Getting N minimal contiguous blocks in an array of numbers

Question

I'm currently working on the following problem:

Given an array of M positive numbers, I need to get N blocks of contiguous numbers with some given length. For example, when I have the array:

6 9 3 2 8 1 6 9 7

When I need to find one block of length 3, the solution is [3,2,8] which has a total minimal sum of 13. When I need to find two blocks, the algorithm should give [3,2,8] and [1,6,9] since the sum of all elements in these blocks is minimal (29). It is given that the length of the sequence is always strictly larger than N times the length of a block (so there is always a solution).

I think this problem is solvable by using DP but I currently can't see how. I'm struggling to find a recurrent relation between the subproblems. Could anyone give me a hand here?

Thanks in advance!

Answer 1

1. Calculate the sum of each block with the given length, and record them with the initial index.
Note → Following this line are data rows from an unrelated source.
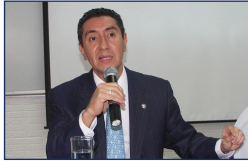
Ministro de Seguridad René Figueroa

Se trataron los actuales problemas que tiene El Salvador: la polarización política, las pandillas o maras, el delito organizado y la inmigración ilegal, entre otras cosas. A continuación se analizaron las lecciones aprendidas con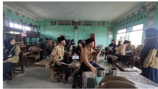
Observation Day 1 (June 31 th )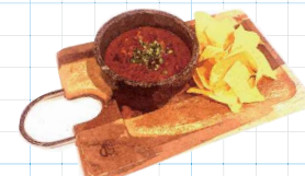
Menudo 750yen メヌード メキシカントリッパの煮込み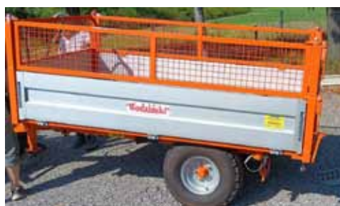
Nowy nabytek Stowarzyszenia Wędkarskiego „Kaniowski Karp Królewski”

Gmina Bestwina wraz ze Stowarzyszeniem Wędkarskim „Kaniowski Karp Królewski” im. A. Gascha wzbogaciły się o nowy sprzęt, który pomoże pasjonatom łowienia i hodowli ryb w realizacji statutowych zadań. Jest to przyczepa rolnicza o wielofunkcyjnym zastosowaniu. Stowarzyszenie w ciągu roku organizuje wiele inicjatyw: szereg zawodów wędkarskich, akcje sprzątnięcia i zarybiania akwenów, wykaszania ich brzegów, pielęgnacji zieleni, jak również jest współorganizatorem Święta Karpia Polskiego w Kaniowie. Przyczepa z pewnością ułatwi transport różnorodnych materiałów, a jej zakup został sfinansowany ze środków Urzędu Gminy Bestwina, Starostwa Powiatowego w Bielsku – Białej i samego Stowarzyszenia Wędkarskiego.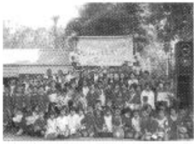
วันเด็กแห่งชาติ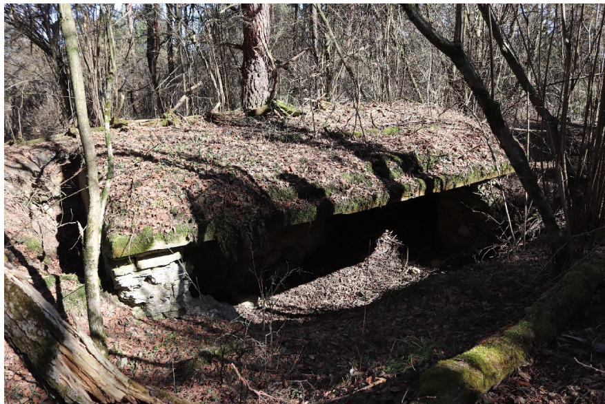
Залишки оборонних укріплень фортеці Миколаїв (сучасний стан)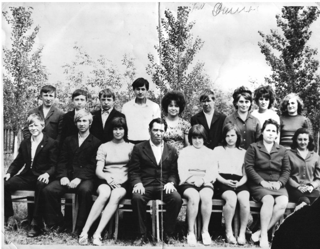
2 класс. Фото 1971 год

Выпуск 1975 года. Ученики этого класса были первыми первоклассниками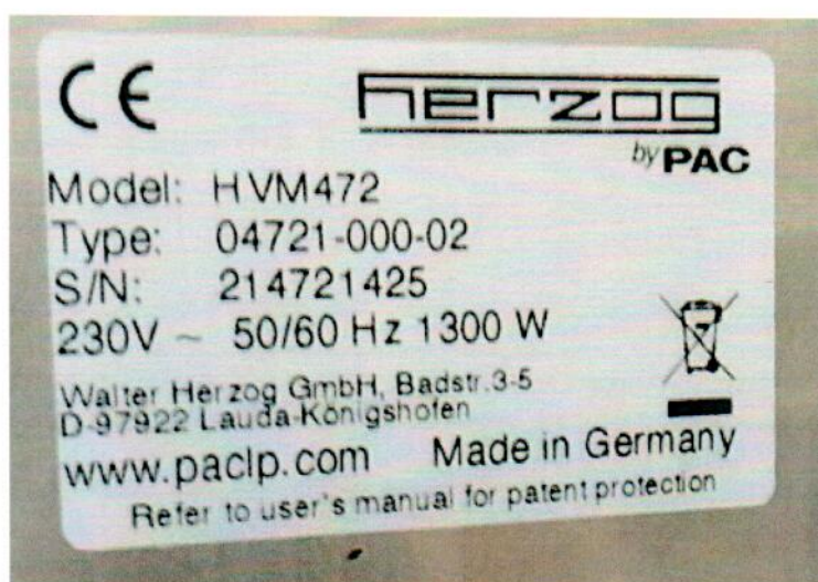
Рисунок А.2 – Образец маркировки анализатора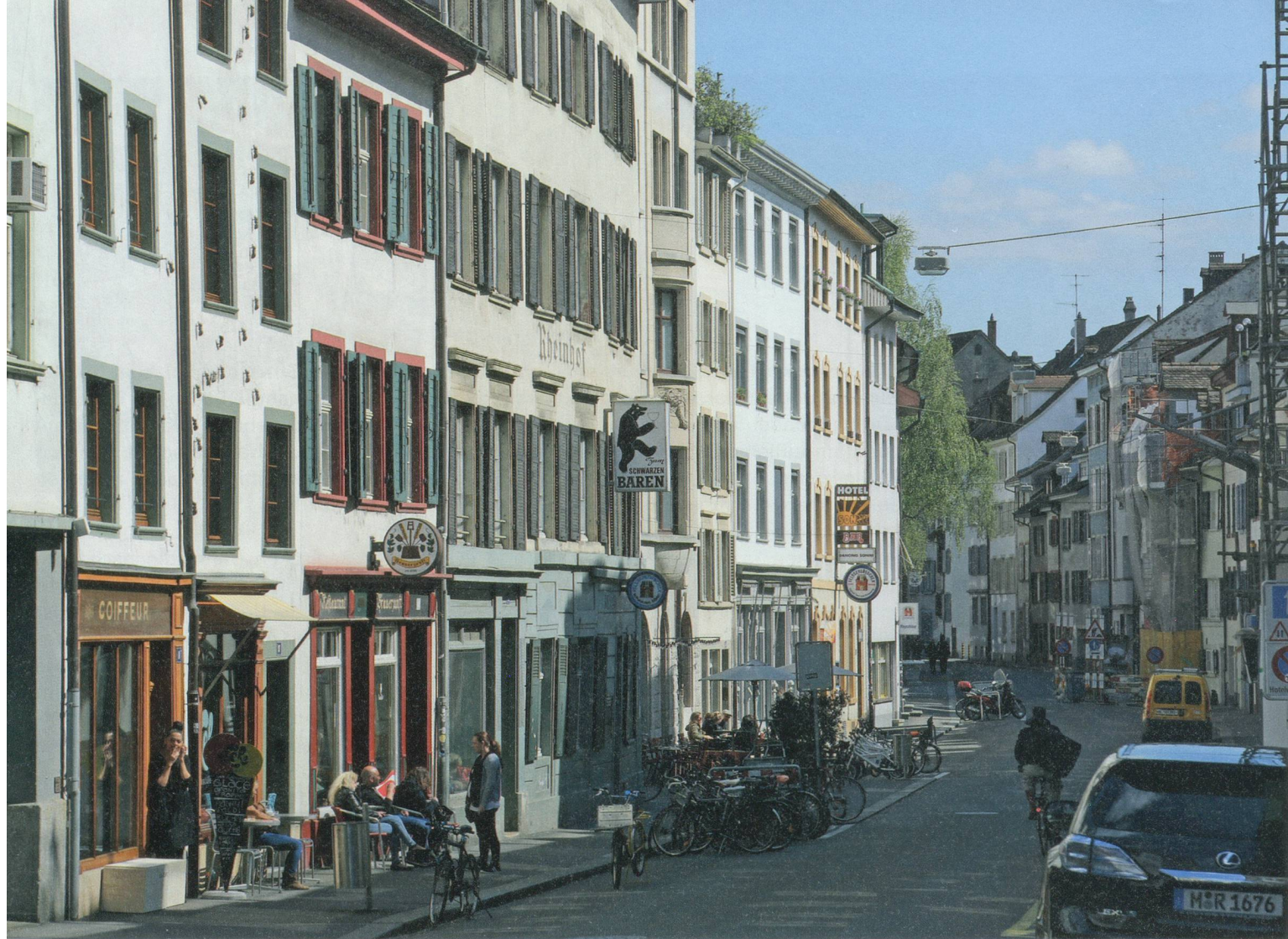
Bild oben An der Rheingasse

Jahren durch so manche durstige Kehle rinnen sollte. Dem neuen, aus rotem Sandstein erbauten Tempel badisch-schweizerischer Verbundenheit war keine lange Lebensdauer beschieden. Die hinter dem Bahnhof gelegenen Felder und Bauernhöfe wurden überbaut. Wie ein steinernes Krebsgeschwür wucherte die Stadt nach Norden. Neue Strassenzüge kamen: die Bleichen-, Erlen-, Fasanen-, Isteiner- und Mattenstrasse. Sie drohten den Bahnhof zu ersticken und so entstand an der mit Bäumen bepflanzten Schwarzwaldalle der heutige Badische Bahnhof, damals der grösste Auslandsbahnhof der Welt.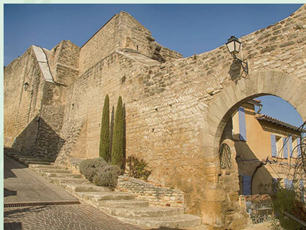
Les murailles du château et la Tour du Jas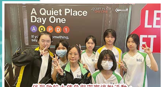
伴我啟航大使參與密室逃脫活動，提升勇氣及培養解難能力。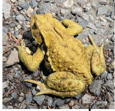
上高地で7月に見つけた婚姻色のアズマヒキガエル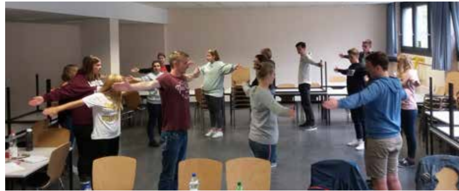
Dehnübungen, Gruppenspiele und viel weiteres abwechslungsreiches Programm standen auf dem Lehrplan.

Verschiedene Bäder, verschiedene Altersgruppen, ein Ziel: 18 Teilnehmer haben sich am 08. und 09. September versammelt, um an dem Lehrgang „Ausbildungsassistent Schwimmen“ (ASS) teilzunehmen.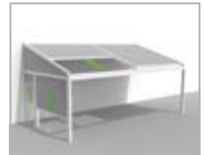
Lagune® + Triangle + meerdere Sidefix windvaste, afsluitbare zijkanten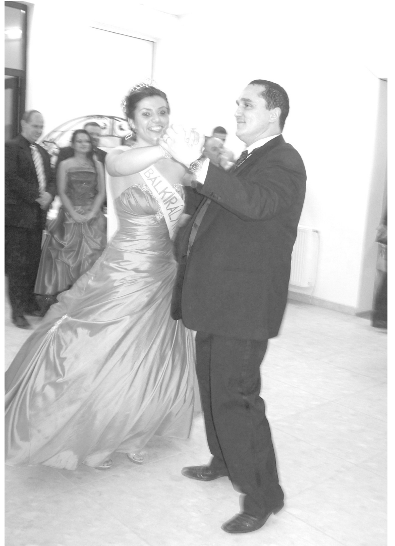
Az új bálkirálynő első tánca mindig a polgármesteré

This can be done by a complexity of O(n). So you get a list like:

   index    sum
   0        18
   1        14
   2        13
   ...      ...
   

2. Due to the objective blocks could not overlap with each other, so each difference of their indexes can not be less than the given length. So you need to apply a simple dynamic planning algorithm on the list you got.

   if the block length is l, list length is n(say the list S[n]), and you want to find m blocks, then the

   F(n,m,l) = min { F(n-i-l,m-1,l) + S[n-i] } (for i = 0 ~ n-(m-1)*l)

The complexity of this step is O(nm) where m is how many blocks you want.

Finally the complexity is O(nm). Let me know if you need more details.